** Required work **
Nothing outside the range is wanted. Repeat exactly the lines below from the one with "The Disney Parks" through the one with "为深入贯彻全面落实全国语言文".
Entries supplied below:
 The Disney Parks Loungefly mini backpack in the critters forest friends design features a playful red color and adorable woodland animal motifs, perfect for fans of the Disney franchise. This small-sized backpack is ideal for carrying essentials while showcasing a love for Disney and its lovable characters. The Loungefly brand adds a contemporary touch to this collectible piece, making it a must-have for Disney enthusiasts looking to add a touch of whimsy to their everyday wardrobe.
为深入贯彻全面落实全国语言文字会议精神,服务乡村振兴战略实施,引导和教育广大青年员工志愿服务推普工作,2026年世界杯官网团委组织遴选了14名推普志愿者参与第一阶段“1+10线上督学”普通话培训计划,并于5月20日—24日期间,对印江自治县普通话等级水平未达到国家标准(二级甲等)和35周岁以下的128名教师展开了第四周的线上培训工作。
End of Entries supplied.
Entries supplied below:
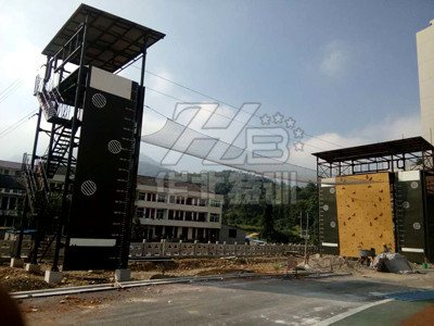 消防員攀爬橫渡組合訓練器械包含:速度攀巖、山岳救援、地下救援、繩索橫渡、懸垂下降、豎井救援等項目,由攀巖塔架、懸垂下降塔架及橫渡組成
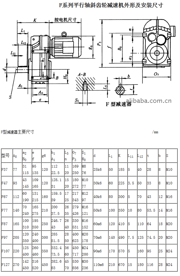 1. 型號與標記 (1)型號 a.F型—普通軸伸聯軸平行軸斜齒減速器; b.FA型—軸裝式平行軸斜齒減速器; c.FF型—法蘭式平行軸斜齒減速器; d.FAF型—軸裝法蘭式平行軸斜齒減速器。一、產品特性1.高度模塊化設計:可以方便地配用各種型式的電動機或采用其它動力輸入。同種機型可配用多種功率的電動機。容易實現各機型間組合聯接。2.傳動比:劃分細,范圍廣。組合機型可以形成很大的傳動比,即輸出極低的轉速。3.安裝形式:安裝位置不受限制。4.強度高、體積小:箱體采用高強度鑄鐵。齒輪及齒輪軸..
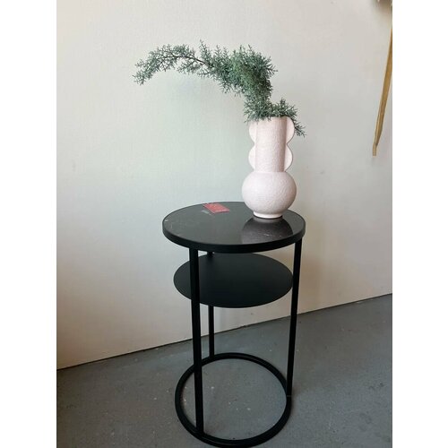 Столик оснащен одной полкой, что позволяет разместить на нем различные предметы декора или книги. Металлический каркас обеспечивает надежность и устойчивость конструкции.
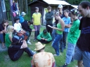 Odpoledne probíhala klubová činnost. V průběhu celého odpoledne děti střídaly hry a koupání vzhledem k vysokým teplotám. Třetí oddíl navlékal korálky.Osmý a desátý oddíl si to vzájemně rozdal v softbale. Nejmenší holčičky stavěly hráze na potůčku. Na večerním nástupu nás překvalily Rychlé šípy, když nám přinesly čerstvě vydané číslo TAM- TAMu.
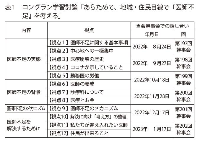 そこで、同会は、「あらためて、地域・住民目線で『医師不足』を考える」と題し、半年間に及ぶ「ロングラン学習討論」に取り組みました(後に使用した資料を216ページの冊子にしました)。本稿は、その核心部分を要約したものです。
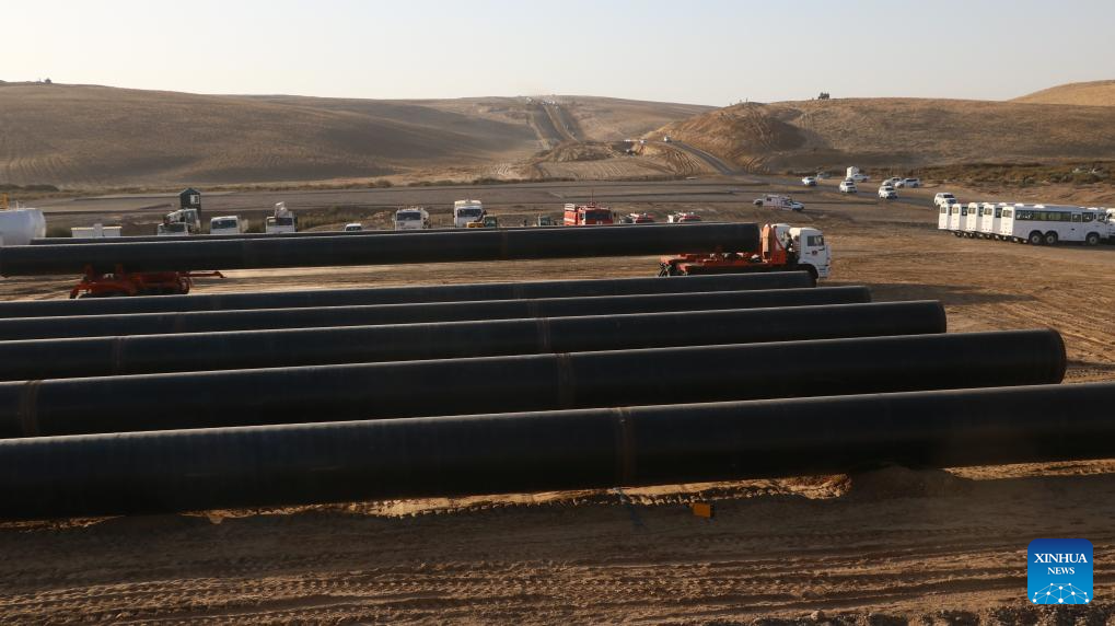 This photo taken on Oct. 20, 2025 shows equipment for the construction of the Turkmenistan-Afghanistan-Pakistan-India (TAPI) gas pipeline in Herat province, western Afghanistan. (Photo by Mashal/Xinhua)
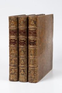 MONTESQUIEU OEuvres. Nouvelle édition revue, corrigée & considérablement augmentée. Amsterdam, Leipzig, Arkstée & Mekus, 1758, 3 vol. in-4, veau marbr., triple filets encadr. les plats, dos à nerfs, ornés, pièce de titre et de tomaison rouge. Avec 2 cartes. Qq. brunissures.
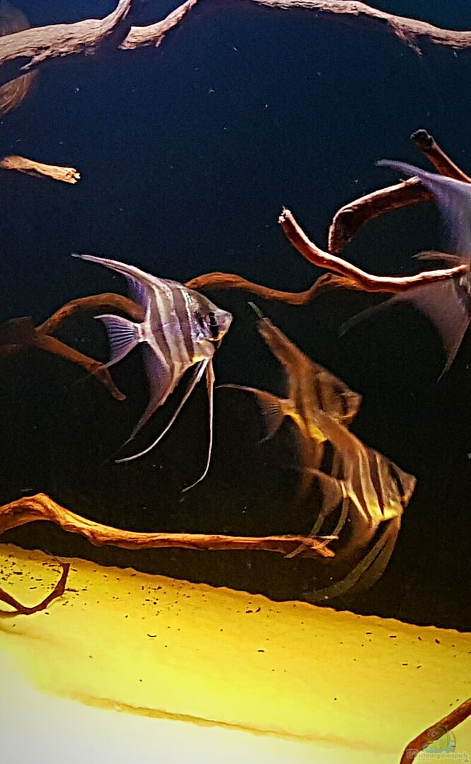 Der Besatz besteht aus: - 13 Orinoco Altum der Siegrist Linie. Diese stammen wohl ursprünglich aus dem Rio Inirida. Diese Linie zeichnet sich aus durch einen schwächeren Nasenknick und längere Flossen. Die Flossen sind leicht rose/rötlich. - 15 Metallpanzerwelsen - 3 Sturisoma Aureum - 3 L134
End of Entries supplied.
Entries supplied below:
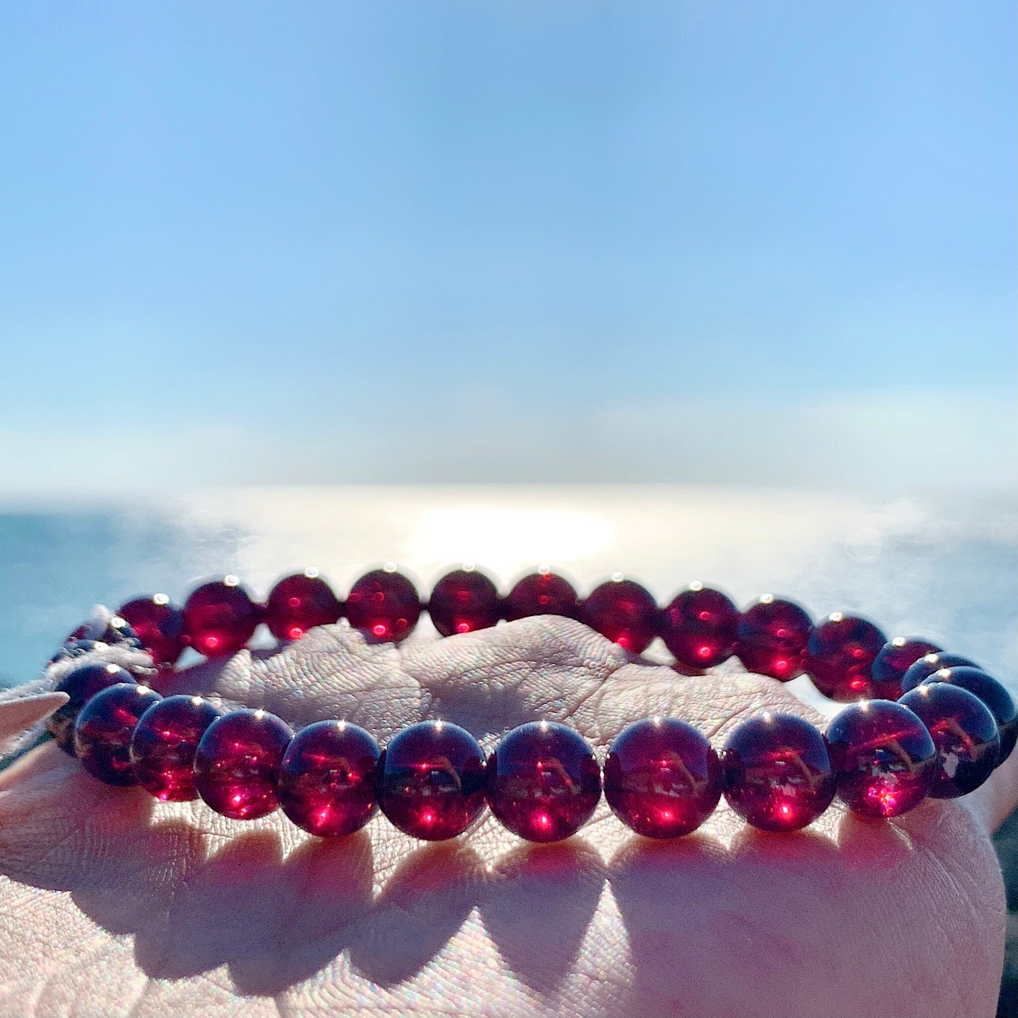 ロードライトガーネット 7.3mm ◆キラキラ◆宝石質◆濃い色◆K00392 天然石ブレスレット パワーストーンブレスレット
End of Entries supplied.
** Solution to the exercise **
 The Disney Parks Loungefly mini backpack in the critters forest friends design features a playful red color and adorable woodland animal motifs, perfect for fans of the Disney franchise. This small-sized backpack is ideal for carrying essentials while showcasing a love for Disney and its lovable characters. The Loungefly brand adds a contemporary touch to this collectible piece, making it a must-have for Disney enthusiasts looking to add a touch of whimsy to their everyday wardrobe.
为深入贯彻全面落实全国语言文字会议精神,服务乡村振兴战略实施,引导和教育广大青年员工志愿服务推普工作,2026年世界杯官网团委组织遴选了14名推普志愿者参与第一阶段“1+10线上督学”普通话培训计划,并于5月20日—24日期间,对印江自治县普通话等级水平未达到国家标准(二级甲等)和35周岁以下的128名教师展开了第四周的线上培训工作。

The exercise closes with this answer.